(Task material)
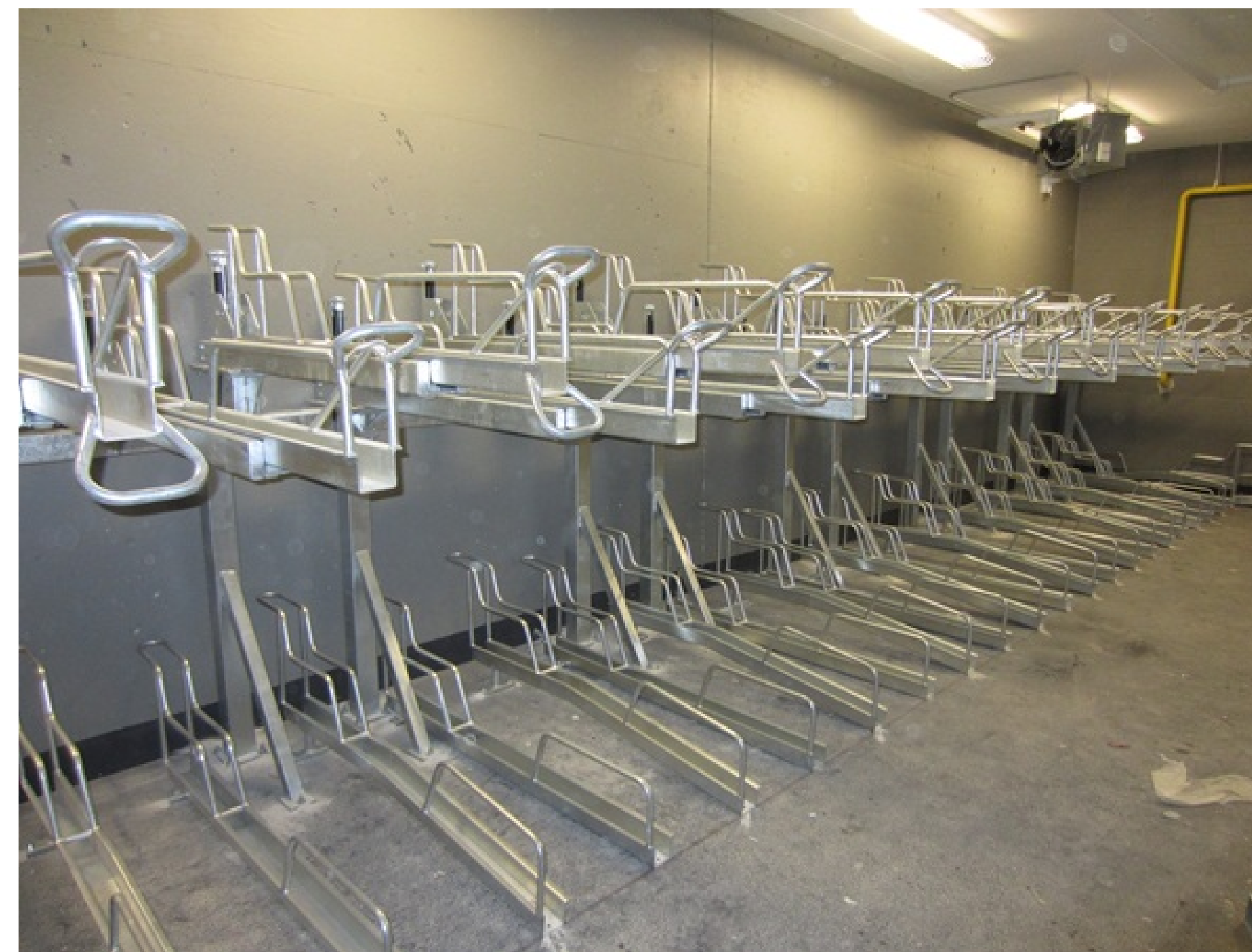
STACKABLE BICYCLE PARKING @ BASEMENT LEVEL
(End Task material)
(Task material)
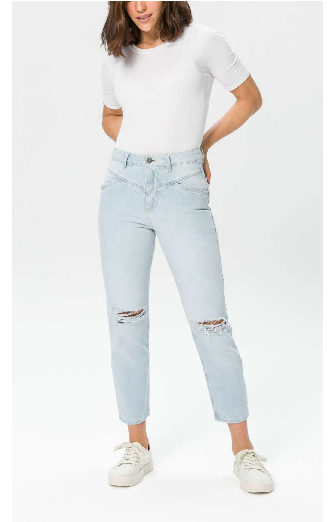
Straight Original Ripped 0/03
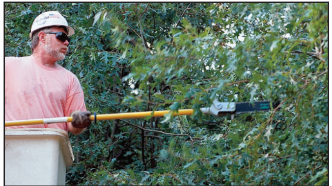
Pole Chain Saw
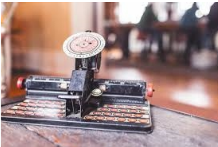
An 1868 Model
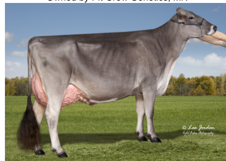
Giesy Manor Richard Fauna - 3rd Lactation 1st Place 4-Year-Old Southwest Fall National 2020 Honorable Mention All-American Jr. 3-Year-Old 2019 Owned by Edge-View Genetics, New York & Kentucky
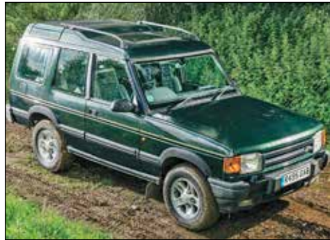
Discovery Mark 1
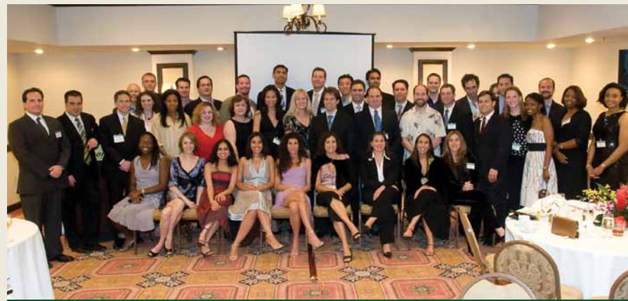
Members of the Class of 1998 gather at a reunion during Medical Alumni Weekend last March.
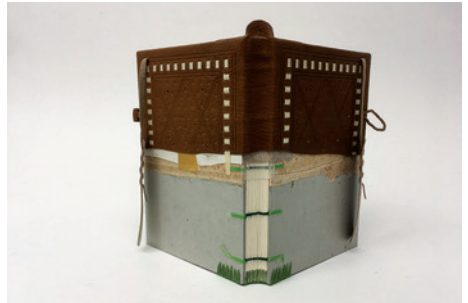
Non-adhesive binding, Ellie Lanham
(End Task material)
(Task material)
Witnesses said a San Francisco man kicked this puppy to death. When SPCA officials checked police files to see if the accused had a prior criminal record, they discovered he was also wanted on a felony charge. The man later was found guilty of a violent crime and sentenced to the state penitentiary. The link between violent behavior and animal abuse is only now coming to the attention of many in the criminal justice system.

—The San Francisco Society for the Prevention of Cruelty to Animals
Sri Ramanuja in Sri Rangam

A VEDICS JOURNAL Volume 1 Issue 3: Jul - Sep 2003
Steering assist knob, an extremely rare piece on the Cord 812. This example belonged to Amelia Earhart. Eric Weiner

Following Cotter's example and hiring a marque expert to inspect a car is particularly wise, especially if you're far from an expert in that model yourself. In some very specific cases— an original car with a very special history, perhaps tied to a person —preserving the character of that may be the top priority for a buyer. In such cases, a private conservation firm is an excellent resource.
(End Task material)
What you will do:
Given the entries above, transcribe exactly the lines from the one holding "Giesy Manor Richard" through the one holding "Non-adhesive binding, Ellie Lanham"; pictures do not belong in the transcription.

Reply to the task:
Giesy Manor Richard Fauna - 3rd Lactation 1st Place 4-Year-Old Southwest Fall National 2020 Honorable Mention All-American Jr. 3-Year-Old 2019 Owned by Edge-View Genetics, New York & Kentucky
Discovery Mark 1
Members of the Class of 1998 gather at a reunion during Medical Alumni Weekend last March.
Non-adhesive binding, Ellie Lanham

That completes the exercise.